Lillian Bayley Hoover: Hitched to Everything Else
At the Musuem of Contemporary Art Arlington
On View: January 20 - March 17, 2024
Recption: January 20, 2024, 5:00-8:00 pm
In Hitched to Everything Else, Lillian Bayley Hoover depicts spaces where human infrastructure interrupts or collides with the natural environment. The artist highlights and challenges humans’ conflicted relationship to nature, or, as she explains it, all the ways “we are of nature but proceed as if we are apart from it.” Hoover’s complex landscapes invite viewers to confront this untenable approach, pointing to the threat it poses both to our own existence and to the natural world we treat as if it is distinct from human life.
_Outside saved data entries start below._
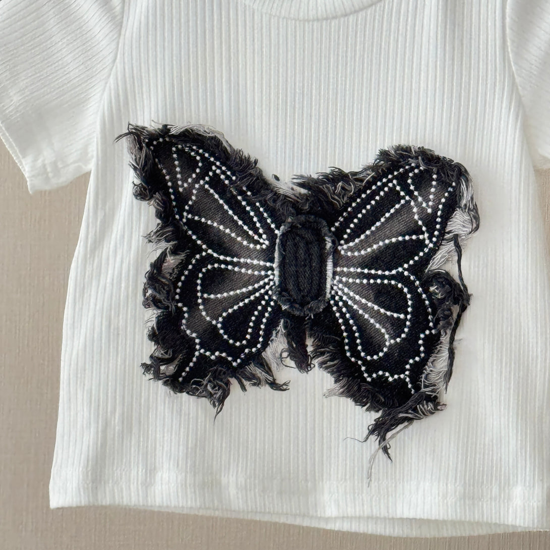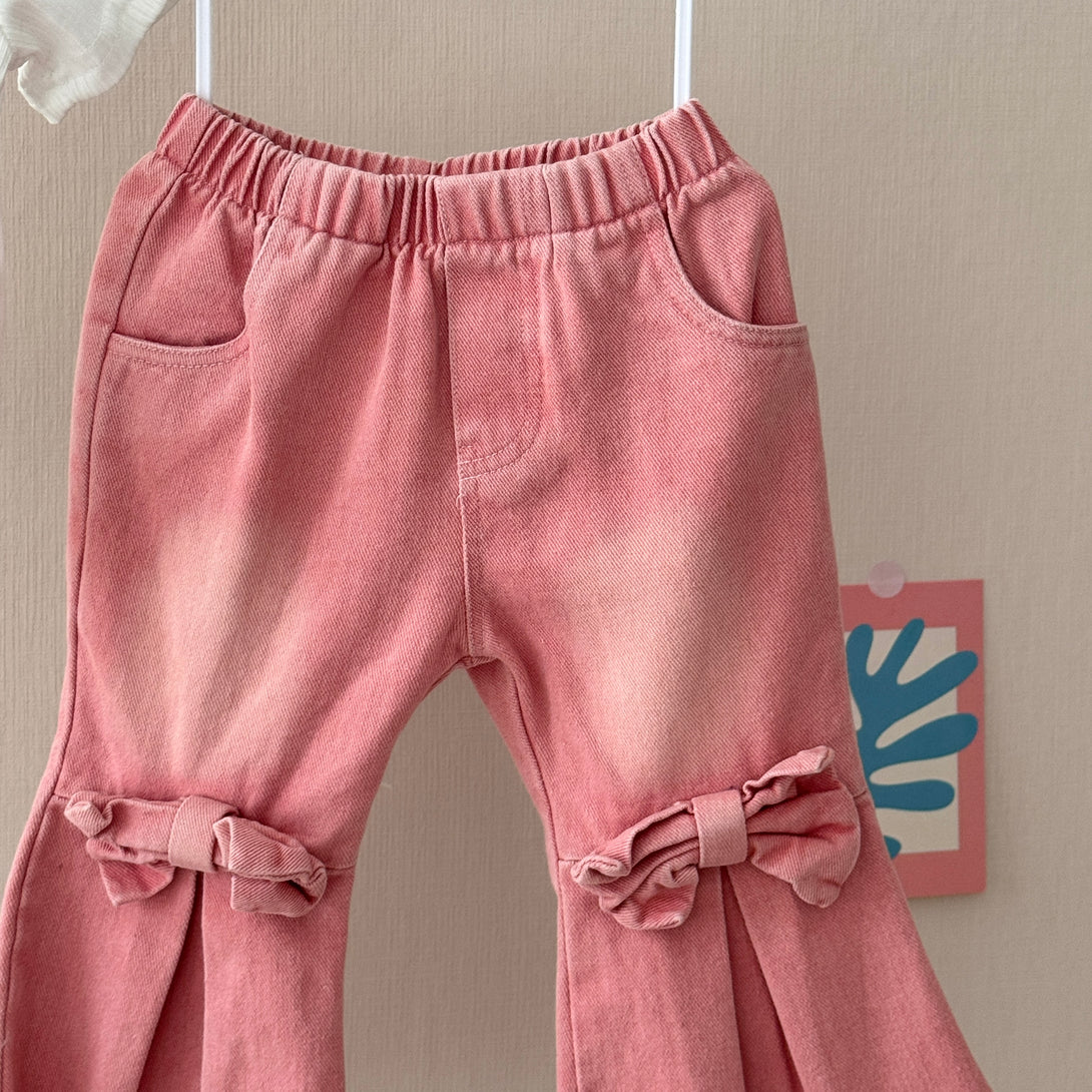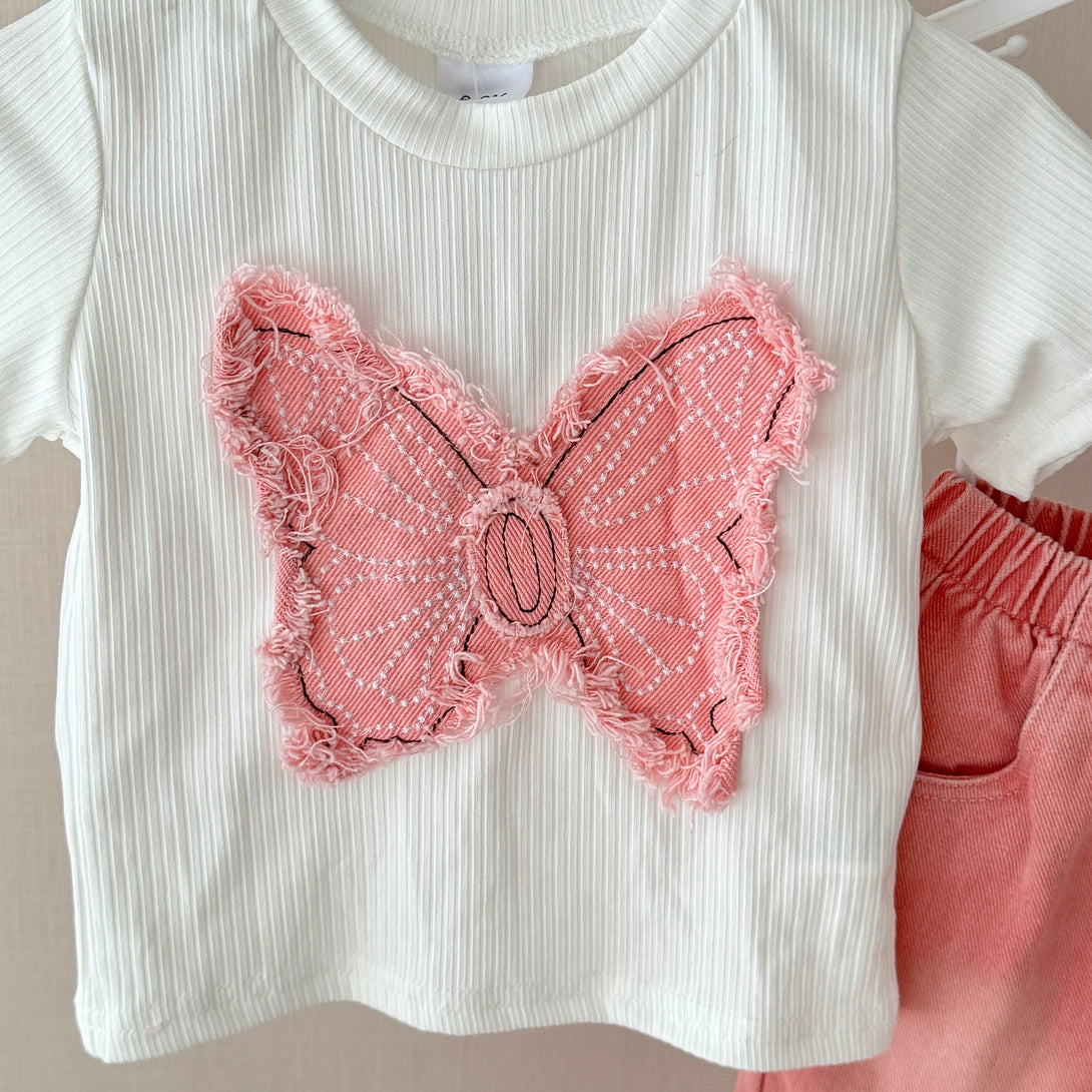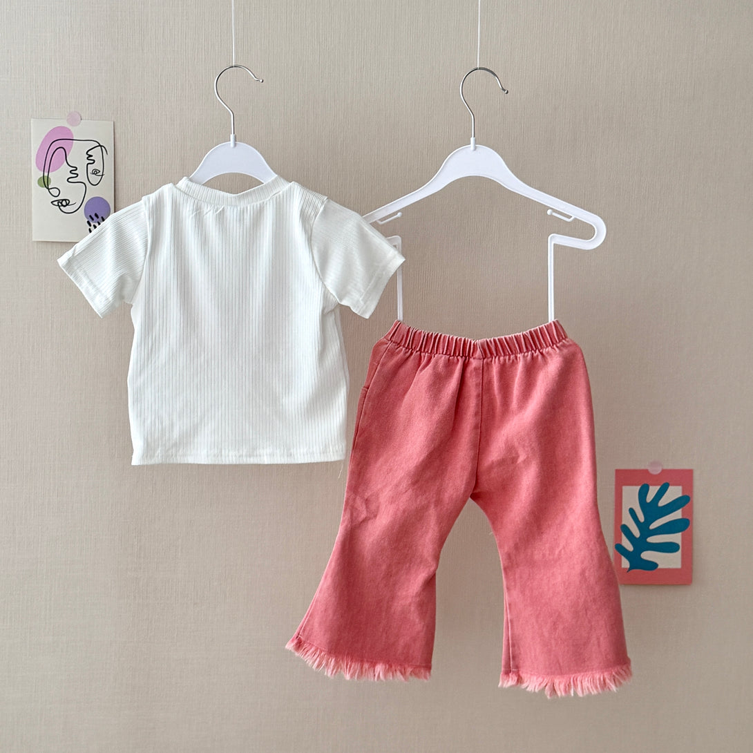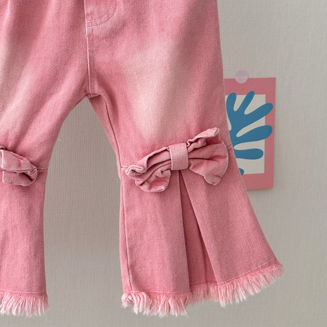 This stylish two-piece set features a ribbed cotton T-shirt with a chic denim bow applique and a pair of flared denim pants adorned with matching bows. The soft, breathable fabric ensures comfort, while the trendy design adds a fashionable touch. Available in blue, pink, and black.
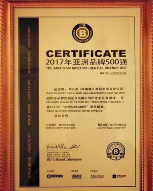 湘江涂料——中國(guó)一家進(jìn)入亞洲品牌500強(qiáng)的涂料企業(yè)
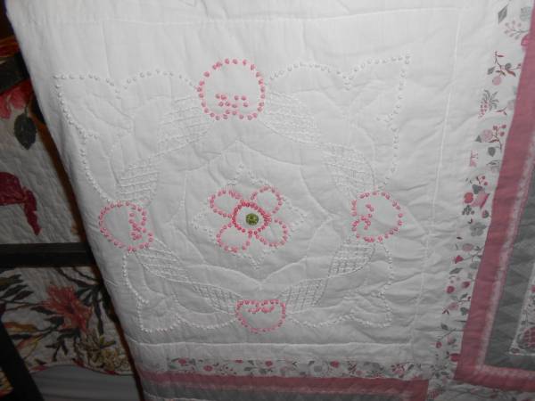 Hand made quilt Quilted with embroidery and candle wicking - $150 (Ligonier Pa.)
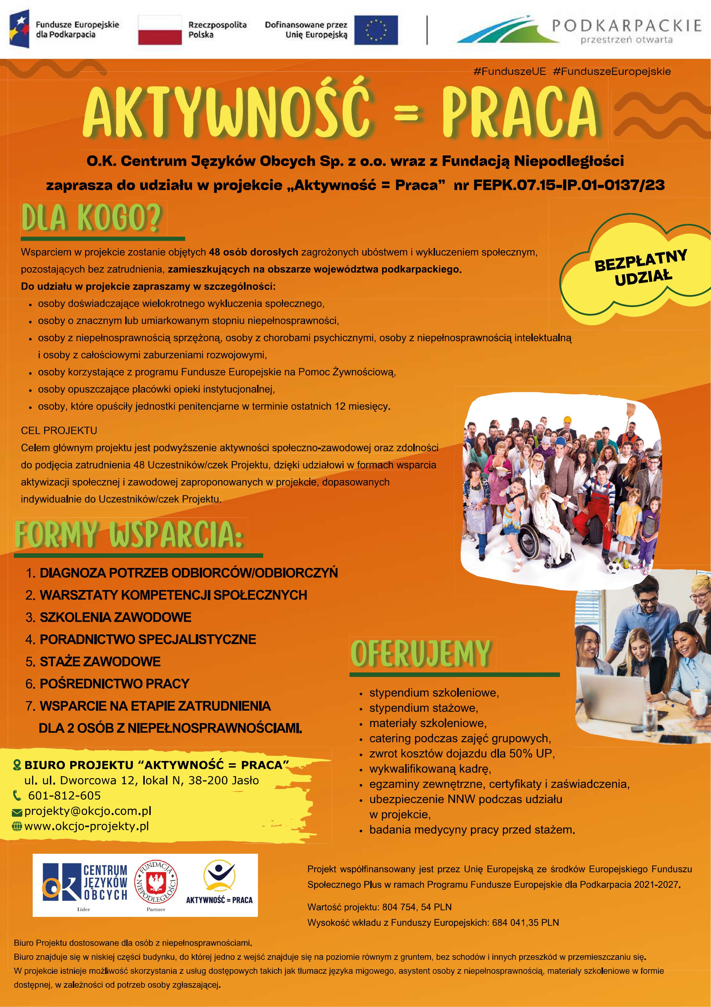 Wsparciem w projekcie zostanie objętych 48 osób dorosłych zagrożonych ubóstwem i wykluczeniem społecznym, pozostających bez zatrudnienia, zamieszkujących na obszarze województwa podkarpackiego.

The paintings in Hitched to Everything Else are shaped by absence and concealment. Sections of the scenes are covered over, removed, or otherwise obscured, creating rifts and layers. This technique reflects Hoover’s interest in the dynamic nature of our attention to the landscape and the ways that attention is mediated by everyday activity, infrastructure, personal experience, and even the genre of landscape painting itself. Hoover challenges viewers to navigate this visual complexity rather than becoming absorbed in a single, uninterrupted scene, as they might expect from conventional depictions of the landscape.
The exhibition’s title is borrowed from My First Summer in the Sierra by naturalist John Muir. Writing about his two years living in Yosemite, Muir observed: “When we try to pick out anything by itself, we find it hitched to everything else in the Universe.” Hoover’s use of Muir’s quote reflects the artist’s own interest in time–the relatively short time of human generations and the deep time of the earth’s environment. As Hoover explains, landscape is both “an active living participant in the events of our time, as well as a record of time itself.” The rifts, layers, varied styles, and shifting perspectives in Hoover’s work invite us to consider the landscape as a growing, changing amalgamation of living beings and systems, rather than simply a static background to human existence. They also point to the dire consequences of failing to consider the environment, and our own role within it, in its full complexity.
Lillian Bayley Hoover: HItched to Everything Else takes place as part of MoCA Arlington’s SOLOS 23-24, a series of solo exhibitions by artists based in the Mid-Atlantic taking place at the Museum throughout 2023 and 2024. The exhibitions were selected from an open call by a jury that included artist Nekisha Durrett, Betsy Johnson, assistant curator, Hirshhorn Museum and Sculpture Garden, and Jova Lynne, director, Temple Contemporary, Tyler School of Art and Architecture, Temple University.
Lillian Bayley Hoover (b. 1980, Raleigh, NC) Lives and works in Baltimore, MD. Her work is represented in private and public collections including the Baltimore Museum of Art, Weatherspoon Art Museum (Greensboro, NC), and the DC Commission on the Arts and Humanities. She is the recipient of a Pollock-Krasner Grant, the Bethesda Urban Partnership’s Trawick Award, multiple grants from the Maryland State Arts Council, and fellowships/residencies at Vermont Studio Center, Monson Arts Center, and Virginia Center for the Creative Arts. Her work has been featured on the cover of New American Paintings publication. She has had solo exhibitions at Goya Contemporary (Baltimore, MD), BlackRock Center for the Arts (Germantown, MD), and VisArts (Rockville, MD), among other venues. Hoover holds an MFA from Maryland Institute College of Art and a BFA from University of North Carolina Asheville. She teaches at Towson University.